On-site engineering evaluated the function of the RHR system with RHR-V-785B in the "as-found" position, and concluded that the RHR system remained operable. RHR-V-785B is an eight inch manually operated gate valve. The operability determination was based on the valve being 76% open as measured by stem travel, and the determination that the resulting pressure drop would not significantly affect the "B" RHR pump net positive suction head.

This conclusion was based on the assumptions in RHR sump recirculation calculations (ref.

86-060-5276M, "CY ECCS M~odifications - Maximum RHR Flow vs. Containment Temperature, November 22,1986). The pressure drop was offset by either high containment pressure (for postulated large break LOCA) or reduced flow (for a small break LOCA).

Further, the licensee credited operator action in emergency operating procedure ES-1.3,

" Transfer to Sump Recirculation," which identifies the actions needed to mitigate cavitation i

of an RHR pump.

The inspector evaluated the operability determination and concluded that licensee's justification for RHR system operability was acceptable. The inspector reviewed the test results for the "B" RHR pump obtained during SUR 5.1-4 for the previous two monthly surveillances. The inspector noted that flow and the discharge and differential pressure readings were acceptable, with no significant changes.
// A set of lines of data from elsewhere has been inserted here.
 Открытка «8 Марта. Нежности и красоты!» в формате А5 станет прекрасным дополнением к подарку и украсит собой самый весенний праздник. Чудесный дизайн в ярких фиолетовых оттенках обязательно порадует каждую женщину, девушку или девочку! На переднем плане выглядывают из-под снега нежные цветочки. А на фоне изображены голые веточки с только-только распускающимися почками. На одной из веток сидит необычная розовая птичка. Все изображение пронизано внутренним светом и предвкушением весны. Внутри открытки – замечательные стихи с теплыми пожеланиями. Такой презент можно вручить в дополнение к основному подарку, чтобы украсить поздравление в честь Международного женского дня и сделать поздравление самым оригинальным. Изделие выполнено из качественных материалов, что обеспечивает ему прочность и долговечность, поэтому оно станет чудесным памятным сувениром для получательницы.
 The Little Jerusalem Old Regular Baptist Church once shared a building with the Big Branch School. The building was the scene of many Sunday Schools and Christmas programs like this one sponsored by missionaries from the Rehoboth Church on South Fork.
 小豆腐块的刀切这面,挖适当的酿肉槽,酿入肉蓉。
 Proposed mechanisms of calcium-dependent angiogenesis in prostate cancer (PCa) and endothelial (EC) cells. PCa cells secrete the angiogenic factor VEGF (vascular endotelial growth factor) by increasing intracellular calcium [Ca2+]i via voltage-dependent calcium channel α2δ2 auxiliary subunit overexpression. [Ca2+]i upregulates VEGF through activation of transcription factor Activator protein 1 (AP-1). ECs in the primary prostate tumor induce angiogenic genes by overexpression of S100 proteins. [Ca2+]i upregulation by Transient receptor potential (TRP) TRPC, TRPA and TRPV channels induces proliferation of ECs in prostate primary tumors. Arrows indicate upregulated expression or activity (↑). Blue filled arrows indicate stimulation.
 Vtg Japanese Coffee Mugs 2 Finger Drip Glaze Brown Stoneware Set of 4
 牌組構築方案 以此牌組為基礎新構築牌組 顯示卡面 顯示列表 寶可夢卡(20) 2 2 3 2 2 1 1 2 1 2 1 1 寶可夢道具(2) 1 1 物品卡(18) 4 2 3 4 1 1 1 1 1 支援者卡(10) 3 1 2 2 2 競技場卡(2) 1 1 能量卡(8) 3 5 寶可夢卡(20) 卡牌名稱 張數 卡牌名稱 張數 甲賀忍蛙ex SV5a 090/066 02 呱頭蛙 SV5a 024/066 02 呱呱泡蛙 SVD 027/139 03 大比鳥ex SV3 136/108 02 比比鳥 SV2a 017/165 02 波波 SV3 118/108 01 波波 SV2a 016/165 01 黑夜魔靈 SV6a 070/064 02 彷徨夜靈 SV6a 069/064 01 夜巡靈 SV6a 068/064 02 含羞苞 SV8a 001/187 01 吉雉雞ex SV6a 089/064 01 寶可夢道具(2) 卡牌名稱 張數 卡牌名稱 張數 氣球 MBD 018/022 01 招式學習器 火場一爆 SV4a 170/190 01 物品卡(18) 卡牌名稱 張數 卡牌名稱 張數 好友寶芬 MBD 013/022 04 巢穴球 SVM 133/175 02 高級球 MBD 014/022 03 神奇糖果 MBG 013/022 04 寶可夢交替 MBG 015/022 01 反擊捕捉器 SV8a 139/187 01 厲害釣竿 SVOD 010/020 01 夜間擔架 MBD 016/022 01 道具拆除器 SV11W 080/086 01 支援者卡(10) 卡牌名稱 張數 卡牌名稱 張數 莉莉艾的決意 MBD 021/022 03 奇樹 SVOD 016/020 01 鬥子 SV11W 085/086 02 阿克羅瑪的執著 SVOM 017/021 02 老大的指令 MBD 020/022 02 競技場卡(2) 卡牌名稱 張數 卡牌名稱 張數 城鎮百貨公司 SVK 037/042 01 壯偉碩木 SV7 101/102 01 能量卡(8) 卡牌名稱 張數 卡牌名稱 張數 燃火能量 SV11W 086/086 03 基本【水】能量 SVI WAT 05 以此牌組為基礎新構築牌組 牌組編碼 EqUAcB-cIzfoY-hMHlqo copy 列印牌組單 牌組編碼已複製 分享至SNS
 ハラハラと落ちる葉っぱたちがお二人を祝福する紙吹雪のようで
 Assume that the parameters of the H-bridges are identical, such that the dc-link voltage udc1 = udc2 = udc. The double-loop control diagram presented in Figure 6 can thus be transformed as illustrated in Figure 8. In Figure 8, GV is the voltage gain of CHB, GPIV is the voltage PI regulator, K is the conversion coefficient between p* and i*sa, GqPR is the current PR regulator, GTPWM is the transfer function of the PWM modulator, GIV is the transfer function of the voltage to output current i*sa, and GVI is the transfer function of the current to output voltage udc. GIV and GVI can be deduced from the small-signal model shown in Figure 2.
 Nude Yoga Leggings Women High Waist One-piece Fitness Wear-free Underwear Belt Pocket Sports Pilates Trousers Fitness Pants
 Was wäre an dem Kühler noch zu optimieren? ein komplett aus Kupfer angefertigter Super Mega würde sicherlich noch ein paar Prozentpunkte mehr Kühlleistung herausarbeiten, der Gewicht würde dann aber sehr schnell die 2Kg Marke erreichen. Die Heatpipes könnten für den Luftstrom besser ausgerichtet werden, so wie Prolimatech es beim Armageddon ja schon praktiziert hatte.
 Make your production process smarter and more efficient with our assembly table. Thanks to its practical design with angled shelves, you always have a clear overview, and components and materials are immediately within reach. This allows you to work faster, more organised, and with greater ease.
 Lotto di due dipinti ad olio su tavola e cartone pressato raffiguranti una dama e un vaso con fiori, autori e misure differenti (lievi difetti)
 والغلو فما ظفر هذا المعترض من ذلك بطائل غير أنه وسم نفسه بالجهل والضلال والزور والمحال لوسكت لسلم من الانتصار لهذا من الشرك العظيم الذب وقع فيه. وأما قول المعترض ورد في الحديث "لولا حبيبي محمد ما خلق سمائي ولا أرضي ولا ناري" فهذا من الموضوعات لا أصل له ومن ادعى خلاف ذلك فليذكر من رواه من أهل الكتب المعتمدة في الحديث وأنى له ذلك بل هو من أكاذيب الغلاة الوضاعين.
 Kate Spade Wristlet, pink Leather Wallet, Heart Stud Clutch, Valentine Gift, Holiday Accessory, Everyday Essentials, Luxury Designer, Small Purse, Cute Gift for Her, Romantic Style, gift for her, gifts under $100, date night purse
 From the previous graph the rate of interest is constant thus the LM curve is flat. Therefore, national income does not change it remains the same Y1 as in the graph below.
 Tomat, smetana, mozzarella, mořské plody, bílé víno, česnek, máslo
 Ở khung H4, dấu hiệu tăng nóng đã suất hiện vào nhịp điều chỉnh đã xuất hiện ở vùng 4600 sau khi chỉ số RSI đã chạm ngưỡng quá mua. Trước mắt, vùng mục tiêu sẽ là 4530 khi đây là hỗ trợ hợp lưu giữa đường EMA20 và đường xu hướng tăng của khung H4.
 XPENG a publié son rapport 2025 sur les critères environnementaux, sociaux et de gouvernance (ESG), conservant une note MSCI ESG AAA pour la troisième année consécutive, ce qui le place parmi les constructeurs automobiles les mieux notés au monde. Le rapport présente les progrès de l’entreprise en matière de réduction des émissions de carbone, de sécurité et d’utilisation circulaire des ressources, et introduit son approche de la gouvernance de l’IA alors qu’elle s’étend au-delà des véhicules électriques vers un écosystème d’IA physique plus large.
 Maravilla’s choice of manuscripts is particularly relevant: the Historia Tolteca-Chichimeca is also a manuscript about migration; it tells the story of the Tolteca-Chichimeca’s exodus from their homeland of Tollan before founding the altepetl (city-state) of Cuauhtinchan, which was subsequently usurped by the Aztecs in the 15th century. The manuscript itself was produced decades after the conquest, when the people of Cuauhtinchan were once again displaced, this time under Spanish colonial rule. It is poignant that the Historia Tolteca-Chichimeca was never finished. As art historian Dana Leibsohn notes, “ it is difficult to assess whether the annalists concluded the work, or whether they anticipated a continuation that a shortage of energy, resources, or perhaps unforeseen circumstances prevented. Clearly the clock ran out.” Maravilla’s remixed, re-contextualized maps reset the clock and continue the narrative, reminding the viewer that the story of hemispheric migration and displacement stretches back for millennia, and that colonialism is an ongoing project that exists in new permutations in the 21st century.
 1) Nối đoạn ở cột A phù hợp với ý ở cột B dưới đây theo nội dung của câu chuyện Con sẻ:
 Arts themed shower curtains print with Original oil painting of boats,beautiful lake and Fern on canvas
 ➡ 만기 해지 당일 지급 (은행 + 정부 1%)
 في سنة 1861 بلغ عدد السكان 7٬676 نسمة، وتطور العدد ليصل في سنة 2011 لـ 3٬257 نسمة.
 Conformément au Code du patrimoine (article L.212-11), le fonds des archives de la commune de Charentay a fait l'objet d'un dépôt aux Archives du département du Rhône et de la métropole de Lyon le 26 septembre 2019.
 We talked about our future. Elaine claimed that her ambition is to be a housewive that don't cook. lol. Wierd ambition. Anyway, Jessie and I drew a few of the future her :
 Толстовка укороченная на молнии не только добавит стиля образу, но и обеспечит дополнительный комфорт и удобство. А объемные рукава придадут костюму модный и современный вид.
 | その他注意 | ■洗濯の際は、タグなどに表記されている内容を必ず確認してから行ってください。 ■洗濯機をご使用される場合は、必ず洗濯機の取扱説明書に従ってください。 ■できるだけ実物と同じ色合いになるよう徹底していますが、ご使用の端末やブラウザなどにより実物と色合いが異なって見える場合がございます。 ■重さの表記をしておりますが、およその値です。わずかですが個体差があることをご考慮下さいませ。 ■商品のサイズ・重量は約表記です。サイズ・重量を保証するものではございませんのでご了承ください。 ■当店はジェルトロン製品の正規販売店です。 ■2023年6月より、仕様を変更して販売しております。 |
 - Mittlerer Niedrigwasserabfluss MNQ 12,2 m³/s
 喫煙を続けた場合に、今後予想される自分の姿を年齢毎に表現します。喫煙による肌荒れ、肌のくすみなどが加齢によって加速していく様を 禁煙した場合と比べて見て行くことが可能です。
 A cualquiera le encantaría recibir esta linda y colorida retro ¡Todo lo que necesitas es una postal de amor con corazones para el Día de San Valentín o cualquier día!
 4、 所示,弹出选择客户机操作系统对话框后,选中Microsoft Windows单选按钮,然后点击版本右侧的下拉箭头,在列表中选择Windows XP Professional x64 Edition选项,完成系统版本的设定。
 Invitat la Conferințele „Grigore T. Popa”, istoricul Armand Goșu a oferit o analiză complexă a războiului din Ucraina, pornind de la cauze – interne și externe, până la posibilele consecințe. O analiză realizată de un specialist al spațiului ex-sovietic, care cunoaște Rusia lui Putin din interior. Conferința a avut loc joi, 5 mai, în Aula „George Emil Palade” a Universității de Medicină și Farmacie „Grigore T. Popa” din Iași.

The licensee investigated this issue and determined that RHR-V-785B was most likely mispositioned following manipulation of the valve during a tag clearance on October 8,1993.

Clearance 931229 unlocked and closed RHR-V-785B to support repairs to the "B" RHR pump seal cooling line (AWO 93-12811). The post-maintenance test for 93-12811 was the performance of SUR 5.1-4 and visual leakage check of the pump seal cooling line. The surveillance met the acceptance criteria.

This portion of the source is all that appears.